There are 67 natural species of tobacco known. Below the most common species are listed:
- Nicotiana acuminata (Graham) Hook. – manyflower tobacco
- Nicotiana africana Merxm.
- Nicotiana alata Link & Otto – winged tobacco, jasmine tobacco, tanbaku (Persian)
- Nicotiana attenuata Torrey ex S. Watson – coyote tobacco
- Nicotiana benthamiana Domin
- Nicotiana clevelandii A. Gray
- Nicotiana glauca Graham – tree tobacco, Brazilian tree tobacco, shrub tobacco, mustard tree
- Nicotiana glutinosa L.
- Nicotiana langsdorffii Weinm.
- Nicotiana longiflora Cav.
- Nicotiana occidentalis H.-M. Wheeler
- Nicotiana obtusifolia M. Martens & Galeotti – desert tobacco, punche, “tabaquillo”
- Nicotiana otophora Griseb.
- Nicotiana plumbaginifolia Viv.
- Nicotiana quadrivalvis Pursh
- Nicotiana rustica L. – Aztec tobacco, mapacho
- Nicotiana suaveolens Lehm. – Australian tobacco
- Nicotiana sylvestris Speg. & Comes – South American tobacco, woodland tobacco
- Nicotiana tabacum L. – commercial tobacco grown for the production of cigarettes, cigars, chewing tobacco, etc.

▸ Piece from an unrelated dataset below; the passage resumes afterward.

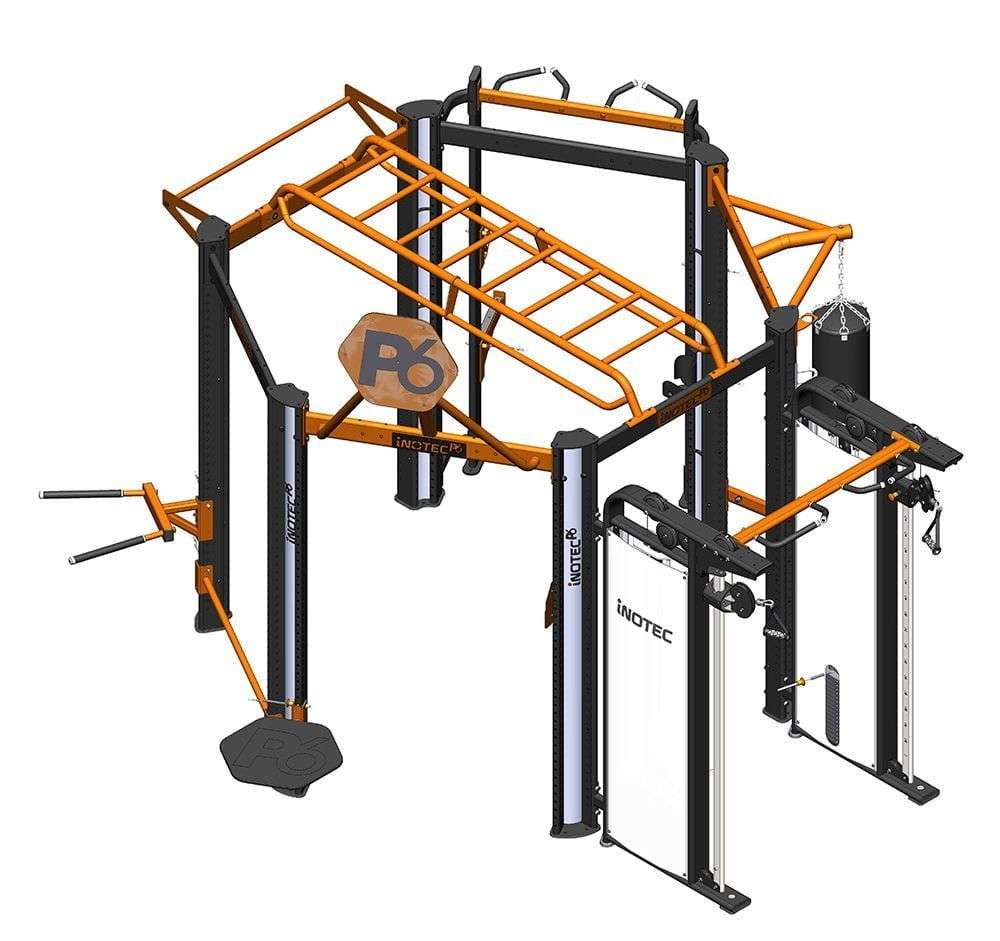 Профессиональный комплекс Inotec P6 TOP является универсальной системой для тренировки всех групп мышц. Он предназначен для профессиональных спортивных залов и фитнес-центров, где проводятся групповые тренировки, тренировки по кроссфиту, а также индивидуальные занятия. Комплекс включает в себя несколько элементов, таких как кольца, турники, силовые станции и элементы для работы с канатами и снарядами.

- Nicotiana tomentosiformis Goodsp.
The three species below are man-made hybrids:
- Nicotiana × didepta N. debneyi × N. tabacum
- Nicotiana × digluta N. glutinosa × N. tabacum
- Nicotiana × sanderae Hort. ex Wats. N. alata × N. forgetiana
Types of Tobacco
The curing and subsequent aging process of tobacco leaves induces a slow oxidation and degradation of the present carotenoids in tobacco leaf. Due to the oxidation, certain compounds in the tobacco leaves are synthesized, which result in sweet hay, tea, rose oil, or fruity aromatic flavors, which contribute to the “smoothness” of the smoke. Starches are converted into sugars, which subsequently glycate proteins, and are oxidized into advanced glycation endproducts (AGEs). This is a caramelization process that also gives the smoke its flavor.

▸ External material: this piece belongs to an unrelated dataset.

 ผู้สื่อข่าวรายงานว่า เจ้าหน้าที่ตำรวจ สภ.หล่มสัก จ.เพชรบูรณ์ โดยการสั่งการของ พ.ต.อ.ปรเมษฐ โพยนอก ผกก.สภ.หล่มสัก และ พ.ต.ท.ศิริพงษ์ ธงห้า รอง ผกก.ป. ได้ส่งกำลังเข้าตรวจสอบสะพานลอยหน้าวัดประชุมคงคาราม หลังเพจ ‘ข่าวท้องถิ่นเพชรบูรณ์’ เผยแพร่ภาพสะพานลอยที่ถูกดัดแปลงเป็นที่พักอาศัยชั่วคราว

The preparation and curing method of tobacco influences its final aroma characteristics. Curing can be achieved by air-, fire-, flue-, and sun-curing. For example, flue-cured tobacco (e.g. from France) contains only low levels of alkaloids, whilst air-cured Burley tobacco (e.g. sourced from Guatemala) is known for its high content of alkaloids.